Le premier homme qui repoussa un autre par la force pour prendre sa place acquit un droit. Aujourd’hui, les prêtres, les notaires, les avoués, les banquiers et tant d’autres tripoteurs, escrocs et voleurs ont tous des droits acquis de par les lois, et ces lois étant appuyées par la force, nos exploiteurs et voleurs modernes sont donc toujours au même point que le premier homme fort qui écrasa l’autre, et l’obligea à ramper à ses pieds, comme les prolétaires, esclaves et parias actuels sont obligés de ramper aux pieds de leurs voleurs et affameurs. Voilà, monsieur Buisson, l’idée de droit ! Quant à l’idée de devoir, nous la connaissons, nous autres prolétaires, esclaves, servus, parias, puisque nous devons tout, nos peines, nos sueurs, notre liberté morale et matérielle, notre sang et notre vie pour engraisser toutes ces vermines ploutocratiques, auxquelles les lois accordent tous ces droits. Oui, voilà nos devoirs, nous les connaissons, mais des droits, macach, nisquet tam... Égalité, fraternité, solidarité, justice, beaux mots que nous voyons cités partout, et qui font sourire nos exploiteurs, sachant qu’ils n’ont aucun effet pour nous que celui de nous endormir dans la poussière et la fumée phraséologiques de ces rouleurs perpétuels, parce que nous restons toujours gogos et lâches.

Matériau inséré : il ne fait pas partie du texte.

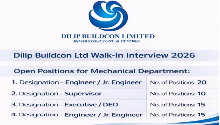 Dilip Buildcon Limited Walk In Interview | ITI, Diploma, Be and B.tech
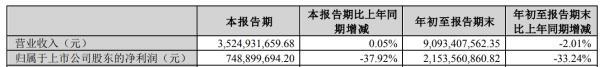 10月31日,恩捷股份发布了2023年度第三季度报告。报告显示,公司在今年第三季度的营业收入为35.25亿元,前三季度营业收入为90.93亿元,同比降低2.01%;公司在上述不同期内的归母净利润分别为7.49亿元和21.54亿元,分别同比降低37.92%、同比降低33.24%。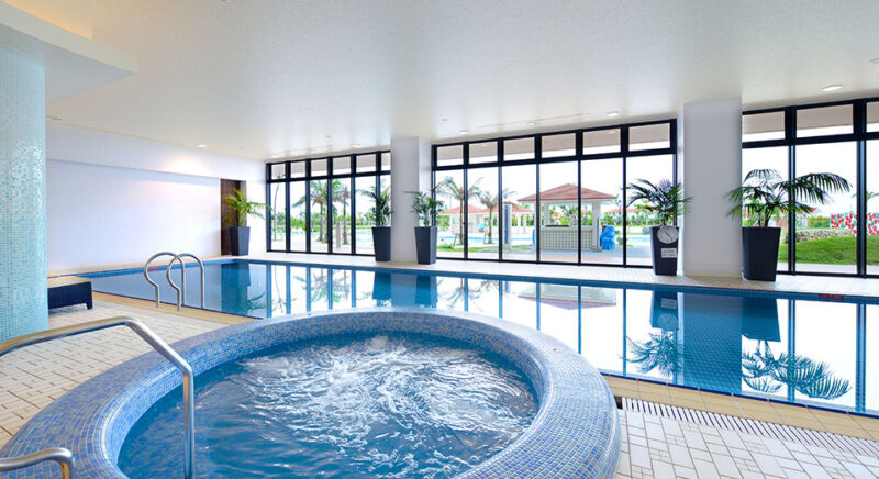 1年を通じて楽しめる屋内プール。荒天時やウインターシーズンなど、ガーデンプールがご利用いただけない時も屋内プールとジェットバスで、快適にお過ごしいただけます。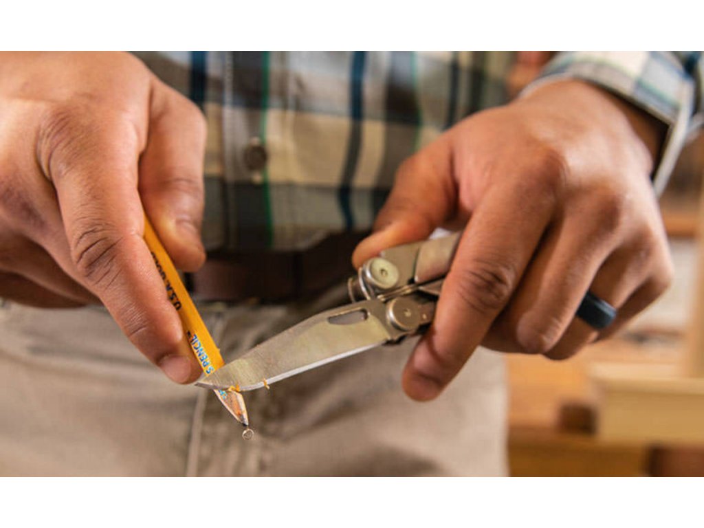 Je vybaven patnácti špičkovými nástroji (včetně ultraostré čepele nože, která je přístupná jednou rukou, pružinových nůžek a nástavce na bity).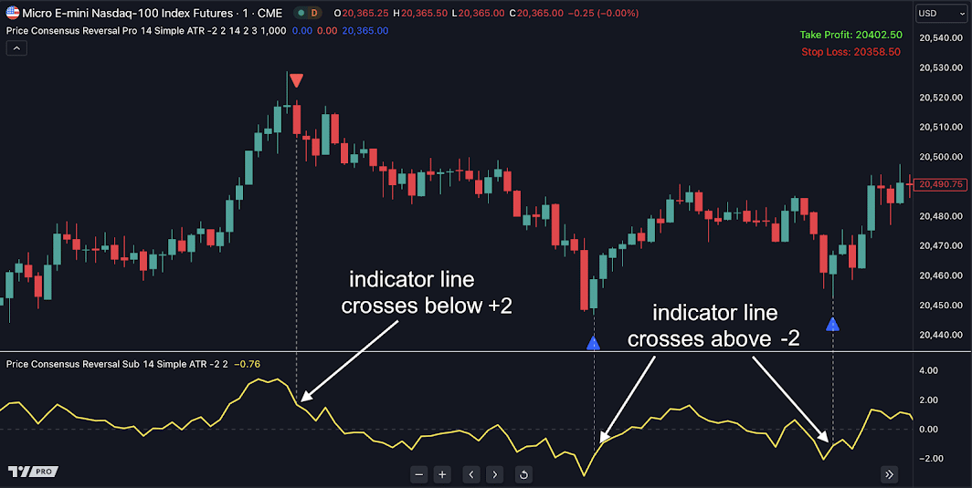 Next, Price Consensus Reversal measures your market’s volatility. It uses True Range to create a volatility factor that adjusts to changing market conditions.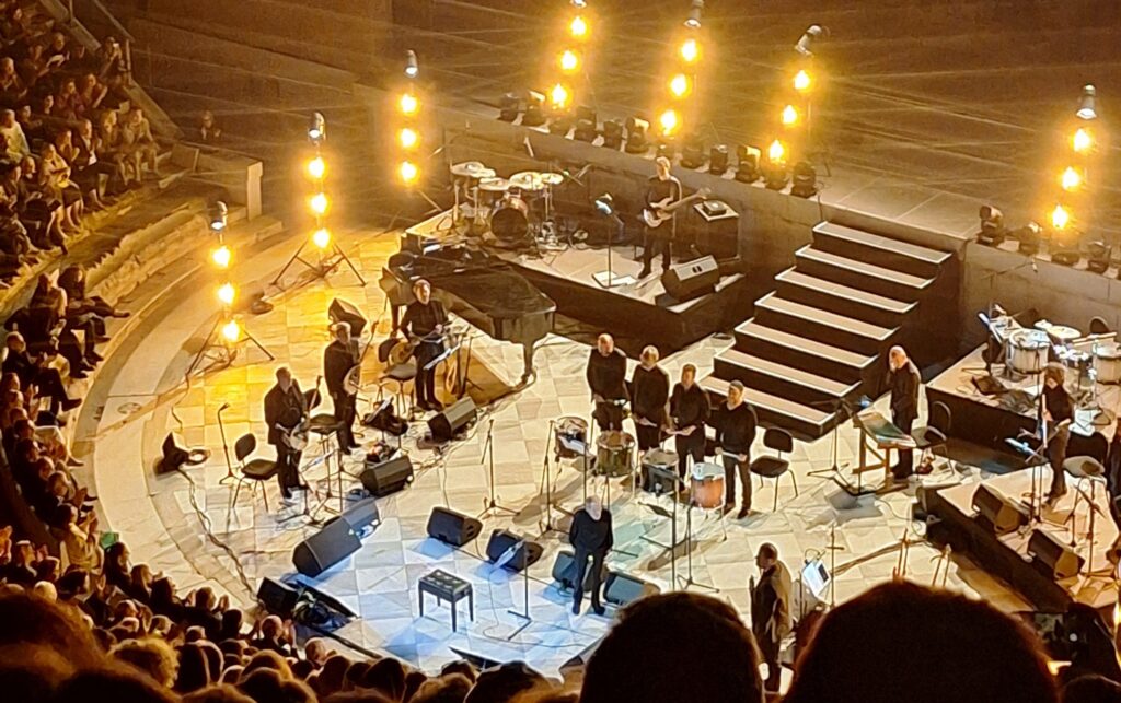 Κάποια στιγμή, έκλεισα τα μάτια. Η μουσική ανέβαινε, απλωνόταν πάνω από το θέατρο, χανόταν στην Ακρόπολη και ξαναγύριζε πίσω σαν ανάσα. Ήταν σαν να αφουγκραζόμουν όλα τα χρόνια που πέρασαν μέσα από τις νότες – τα καλοκαίρια της παιδικής ηλικίας, τα πρόσωπα που χάθηκαν, τις εποχές που αλλάζουν, αλλά και αυτά που προσμένω να ‘ρθουν.

Une couche de ces gogos disparaît tous les ans, après avoir savouré pendant trente ans les mirifiques promesses odoriférantes de ces rouleurs éternels, une autre couche paraît toute prête et toute disposée à se faire rouler de la même façon, et ainsi de suite, de sorte que les exploiteurs, les rouleurs, les malins, les crapules et consorts pourront vivre ainsi jusqu’à la fin de l’éternité. Non, ces misères humaines ne cesseront jamais, si on ne fait pas ce que j’ai déjà indiqué en plusieurs endroits de mes écrits. C’est-à-dire, détruire complètement toutes les races sauvages et barbares, et ailleurs tous les individus tarés, vicieux, mal conformés au physique et au moral. C’est le seul moyen d’arriver à former une race humaine digne de ce nom, et qui pourrait jouir alors de tous les bonheurs susceptibles d’être partagés sur ce globe.

Pour les autres espèces animales, on encourage partout la destruction des mauvaises bêtes, et des bêtes dangereuses, en même temps qu’on encourage l’amélioration des races utiles et bonnes. Mais pour cette maudite race humaine, on fait tout le contraire, on félicite, on flatte, on encourage ceux qui entretiennent à grands frais les plus mauvais, les plus vilains et les plus dangereux sujets, et cela au plus grand détriment des bons. Ici, à Quimper, il y a déjà quatre établissements, et les plus beaux, pour l’entretien de tous les tarés et de tous les rebuts de cette malheureuse espèce humaine, et on va encore en bâtir un autre ! Mais pendant ce temps, on laisse sans soins, sans soucis, se perdre les plus jeunes et les meilleurs sujets, sur lesquels devraient au contraire se porter tous les soins et les soucis, les tarés et les rebuts n’étant bons que pour le requiem æternam qu’ils appellent du reste eux-mêmes tous les jours dans leurs prières. Adveniat regnum tuum domine in requiem æternam.

On applaudit partout les soi-disant philanthropes et administrateurs qui s’ingénient à trouver les meilleurs moyens pour entretenir dans les plus grandes douleurs et les horreurs toutes les monstruosités et les rebuts de l’espèce humaine, comme on applaudit ceux qui inventent et ceux qui emploient les meilleures inventions pour détruire les plus jeunes et les meilleurs sujets de cette malheureuse espèce. Et alors, comment veut-on que l’humanité ne finisse pas par tomber dans la décomposition, dans le néant, dans la pourriture finale ? Finis coronna opus.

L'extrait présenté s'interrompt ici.